Toxic Waste Dumping Has Shades Of Environmental Racism
A landmark study in 2007 by academic Dr. Robert Bullard, regarded as the father of environmental justice, found that race was the most important factor than socio-economic status, which led to the decision to lactate a nation’s commercial hazardous waste facilities.
Dr. Bullard proved that Black children in America were 5 times more likely to have lead poisoning from waste dumping than Caucasian children and Black families earning $50-60,000 a year were more likely to live in polluted areas than their white counterparts making $10,000.
In the UK too, black children were found to have been exposed to 30% more air pollution than their white counterparts.
One of the most blatant instances of environmental racism was the case of Flint, Michigan. The water source of the city was changed to the Flint River in 2014, but adequate treatment of the water was never done.
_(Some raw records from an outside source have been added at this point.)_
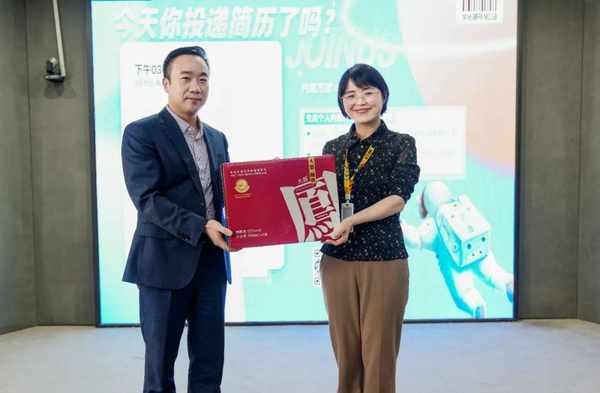 财务管理部总监刘道贵向直播基地负责人赠送柳林美酒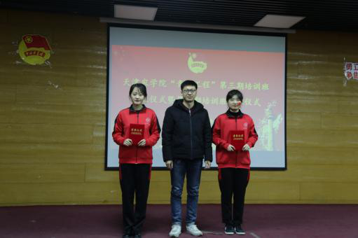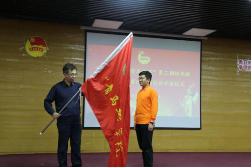 马克思主义学院院长夏建海老师为“青马工程”第四期培训班授发班旗,王涛老师为“青马工程”第三期学员代表颁发结业证书。“青马工程”学员带来合唱《国家》、诗朗诵《不忘初心,牢记使命》,他们以激情洋溢的感情、真挚朴实的语言缅怀革命先烈。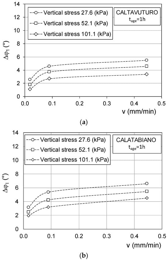 The increments of ∆φ1 after one hour of ageing and with varying vertical stresses and reactivation shearing speeds are reported in Figure 7 for both Caltavuturo (Figure 7a) and Calatabiano clays (Figure 7b). It is possible to notice how the reactivated strength grows in direct proportion to the shearing speed, whereas the relationship with the vertical stress is of inverse proportionality; this follows from the fact that the reactivated strength envelope slightly shifts upwards, with the result that ∆φ1 increases more as the vertical stress decreases.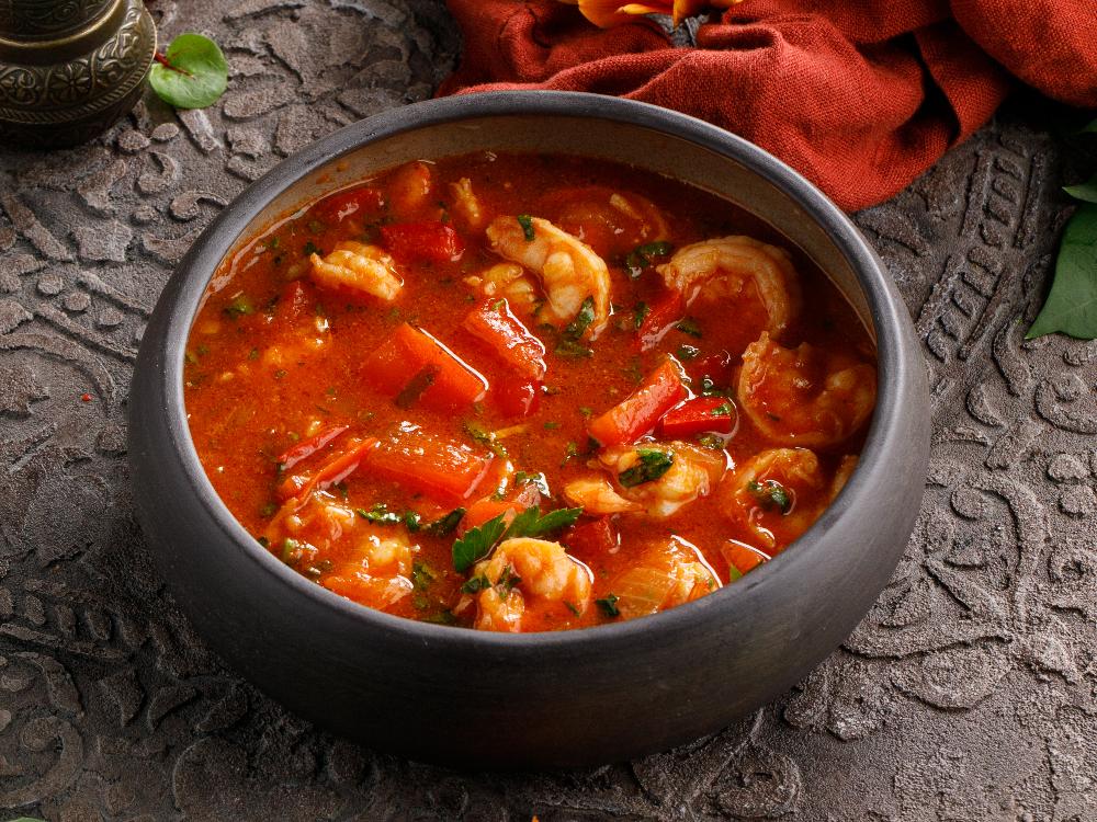 Золотистые креветки, томлёные в кисло-сладком соусе из болгарского перца, томатов, чеснока, репчатого лука и неповторимого микса грузинских специй.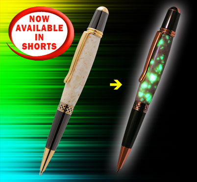 Afraid of the dark? Don’t be! Create and carry your own glow-in-the-dark pen exclusively from WoodTurningz’ line of Glow Stonez pen blanks. Turn this glow-in-the-dark acrylic-simulated stone blank as you would any acrylic blank using sharp tools. Assemble your pen and watch it cast a green glimmer in the dark!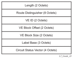 The BGP VPWS NLRI is based on that defined for BGP VPLS, but is extended with a circuit status vector, as shown in Figure 45.

As a result, the predominantly black community was exposed to dangerous levels of lead present in the river, and deaths and diseases did not move the authorities for years.
Only sustained community pressure backed by civil rights groups finally forced the city to reconnect to the earlier source of water and admit to wrongdoing. The civil rights commission of Michigan concluded that the whole issue was due to systemic racism by the authorities.
In other instances, the instance of environmental racism was deliberate. Native American communities in Navajo, New Mexico were deliberately exposed to large doses of radioactive radiation as part of a massive medical experiment.